ここで敵を殺さなければ生き残れないから。
確かに『アスタロト』にも【異形】として生きていく未来があっただろう。それを奪うのは罪だとカナタは思う。それでも、彼はその罪を背負ってでも仲間たちを生かすために、『アスタロト』を犠牲にする。

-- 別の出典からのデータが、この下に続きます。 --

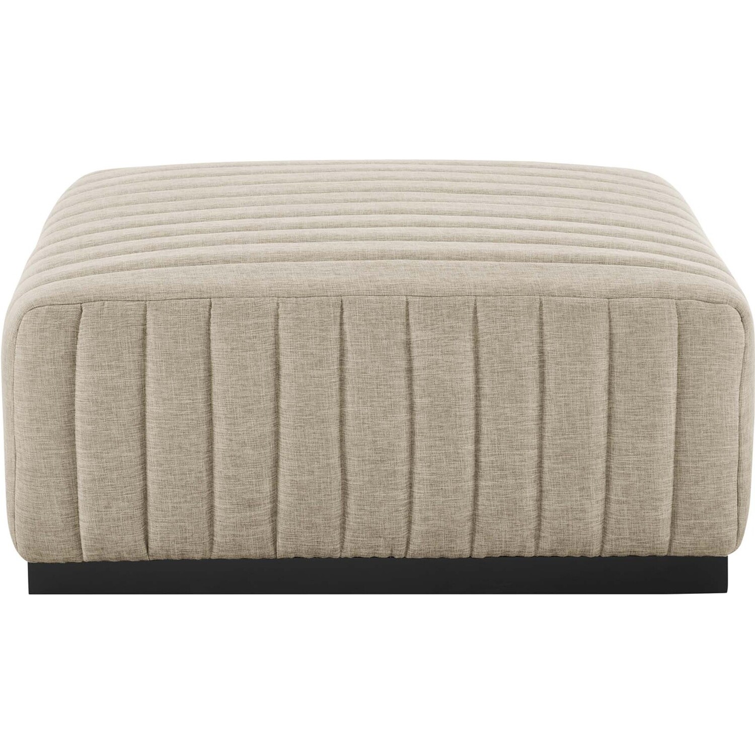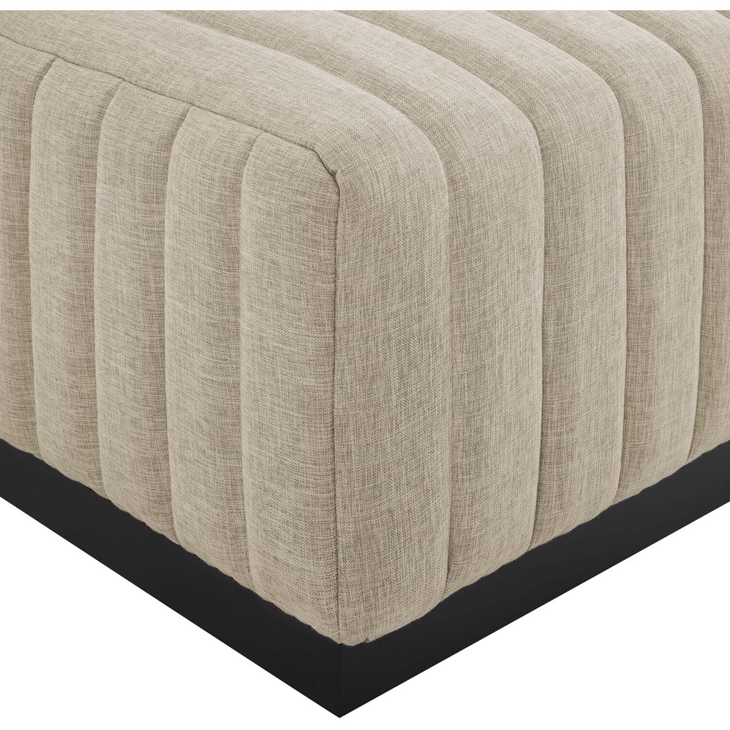 Modern appeal surrounds the Conjure Channel Tufted Upholstered Fabric Ottoman. Soft and durable fabric upholstery covers dense foam padding and an individually wrapped spring coil system for a supportive living room ottoman that will become the go-to lounge spot for family and friends. Vertical channel tufting and subtle French piping adds depth to this vintage inspired sectional piece that effortlessly becomes the focal point in your living room. Solidly constructed from wood and plywood, this ottoman features non-marking foot caps and boasts a matte black base. Versatile and elegant, this sectional sofa piece is ideally suited for a variety of decor styles in your living room, lounge, or home office. Weight Capacity: 331 lbs.Channel Tufting Details
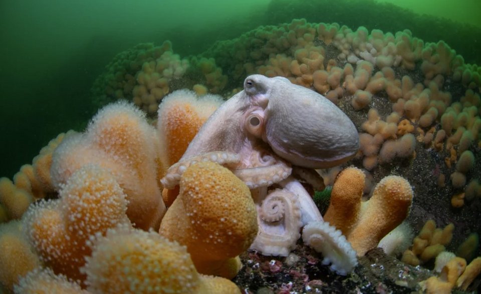 British Waters Wide Angle, Simon Temple, Ηνωμένο Βασίλειο: «Οι συναντήσεις μου με χταπόδια στο Ηνωμένο Βασίλειο είναι συνήθως απρογραμμάτιστες. Αυτή δεν αποτέλεσε εξαίρεση, με ένα χταπόδι σκαρφαλωμένο ψηλά πάνω σε έναν ύφαλο. Η παλίρροια ήταν αδυσώπητη και κατάφερα να τραβήξω μόνο τέσσερις φωτογραφίες πριν με τραβήξει μακριά», τονίζει ο φωτογράφος.

そして彼女らの首魁である『プルソン』へと辿り着くのだ。
「ゆっ許せとは言わないよ――」
赤い涙が少年の頬を伝う。
上半身を捩って【ラファエル】を睨み据えた『アスタロト』は何かを感じ取ったのか、瞳を見開き、鋭く息を吸い込んだ。
直後、防壁に亀裂が走り始める。
刃から解き放たれる純白の光が漆黒の壁を呑み込み、溶かしていく。
『――――』
もはや間に合わぬと察したのか、『アスタロト』はそれを受け入れたように無言を貫いたままだった。
灼熱が【異形】の青い肌を焼き、無情に消し炭へと変えていく。
振り下ろす光の切っ先はそのまま邪竜の首元、急所の項へと至り、止めの一撃を見舞った。
『オオオオオオオオオオオオオオオオオオッッ!!?』
断末魔の絶叫が轟きわたり、文字通り大地を震撼させた。
全ての力を使い果たした少年は機体の中で目を閉じて、重力に身を委ねる。
勝った。これで終わった。少なくとも『アスタロト』との戦いは。
魔力欠乏によって血涙が流れ、視界が霞むなか、少年は沈むように眠りに落ちていった。